Created Mon, 07 Sep 2015 21:50:10 +0000 by rasmadrak
Mon, 07 Sep 2015 21:50:10 +0000
Hi there,
In the spirit of "two steps forward, one step backward" my serial communication reading has stopped working at some point, and I'm baffled why. I have only transfered data from the Chipkit to this point and noticed when I was about to receive that it didn't work.
What timers and interrupts could interfere with the hardware serial ports?
Are there any libraries that I can use instead of HardwareSerial, that plays nicely with other interrupt-routines? I have only tried SoftwareSerial so far, but on the very same pins as the hardware serial. It didn't work out... I have only the need for a single receivable port, but need at least two for sending. Speed is preferably 57600 baud (for sending, receiving can be much much lower) but can be lowered in case it must be. I can live with a 100 byte/sec receive-rate...
I have tried to check the pin layout and even source code, but I can't say I'm a lot wiser now... I would very much appreciate any help I can get on the matter! :)
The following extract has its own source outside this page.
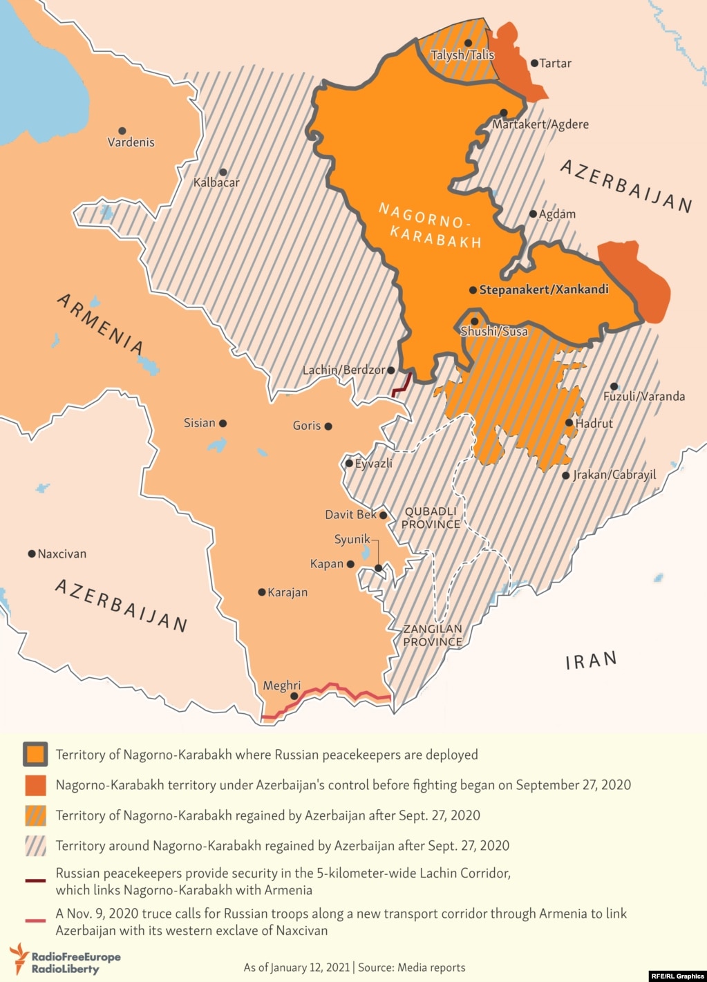 In realtà, definire una nuova guerra un eventuale conflitto tra le due ex repubbliche sovietiche non è del tutto corretto, dato che i due paesi da tre decenni si contendo la sovranità sul Nagorno-Karabakh, una regione abitata in maggioranza da armeni, all’interno dell’Azerbaigian. Le tensioni per il Nagorno-Karabakh risalgono ai primi anni ’90, quando a seguito di una guerra tra i due paesi, le milizie armene riuscirono ad ottenere non solo il controllo della regione ma anche di alcune aree limitrofe, causando lo sfollamento di migliaia di azeri che in quelle zone vivevano. Da allora il Nagorno-Karabakh e quei territori occupati sono stati amministrati da un governo locale supportato dall’Armenia. Nel 2020, a seguito di un imponente offensiva l’Azerbaigian riuscì a riottenere il controllo di tutte le zone che aveva perso negli anni ’90, oltre a riconquistare anche piccole parti del Nagorno-Karabakh stesso. La guerra, che durò poco più di un mese, causò la morte di 7.000 persone costringendo migliaia di armeni ad abbandonare le proprie case. Grazie alla mediazione della Russia, il 9 novembre 2020 i due paesi arrivarono a siglare un armistizio, che per garantirne la durata, prevedeva anche l’invio di un contingente di forze di pace russe nel Nagorno-Karabakh.
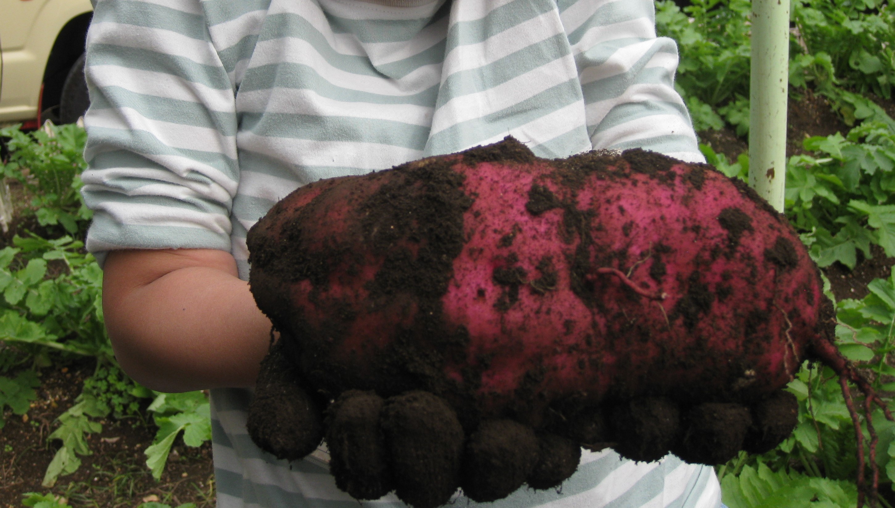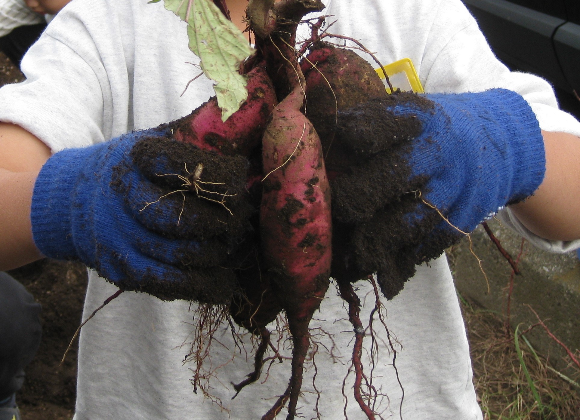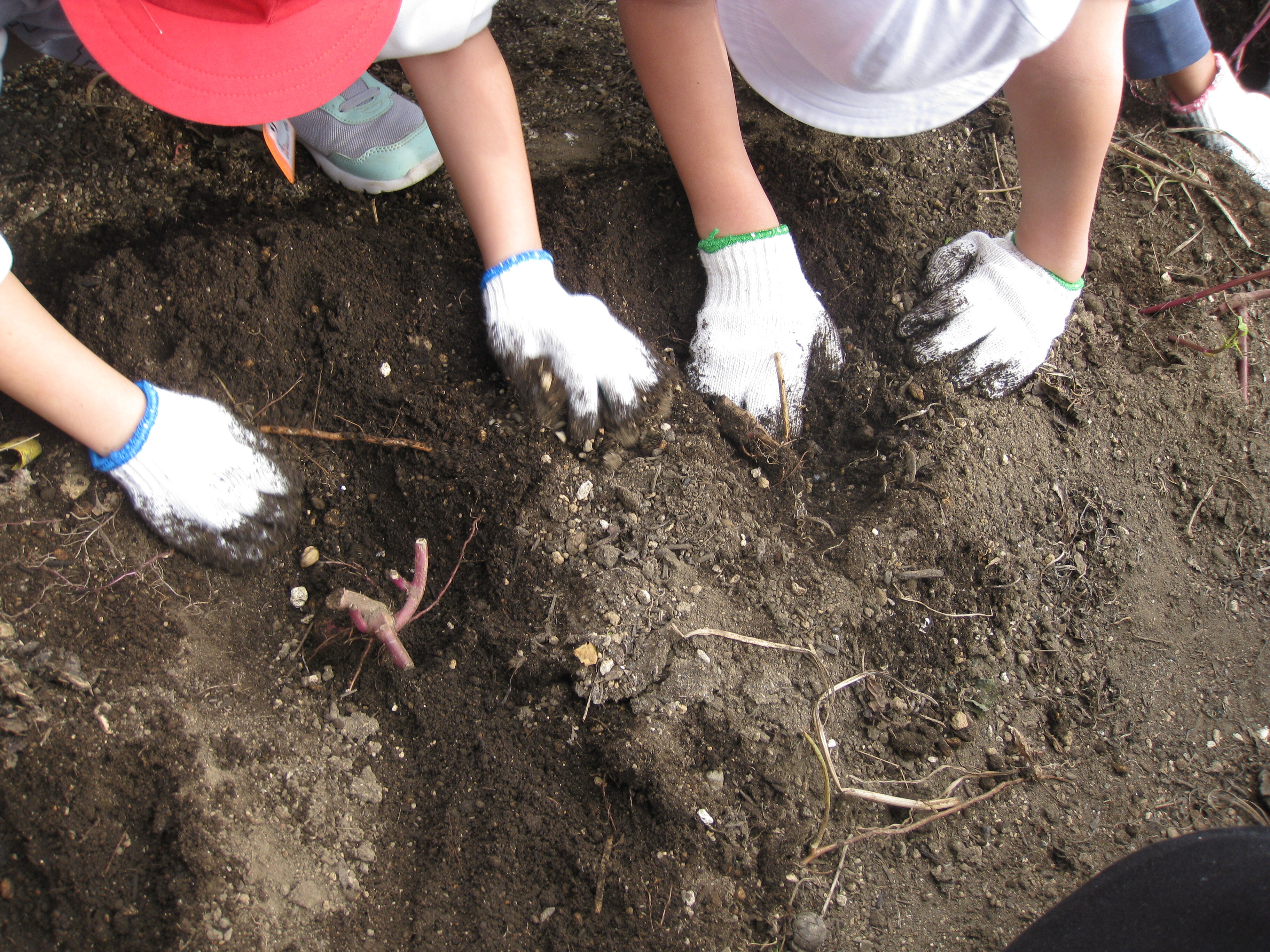 子どもたちは、さつまいもの大きさにびっくりしたり、喜んだりしながら、収穫していました。小さなものから大きなものまで沢山とれました!

Mon, 07 Sep 2015 22:05:13 +0000
I haven't tried a very low hardware setting like 9600 yet, since the transmission from the Max32 works great and the reconfiguration of the external device is cumbersome. But I suspect a slower speed would be more resistant to interference and long delays... or would it? Also - Considering sending to the external device works great and that I only ever need to receive data immediately after talking to it - wouldn't it be possible to use a non-interrupt driven method to read back the data, i.e a blocking approach?
Update: I just tried 9600. Same issue, sending works fine but receiving doesn't :( Any point in trying even lower, or is the problem elsewhere...?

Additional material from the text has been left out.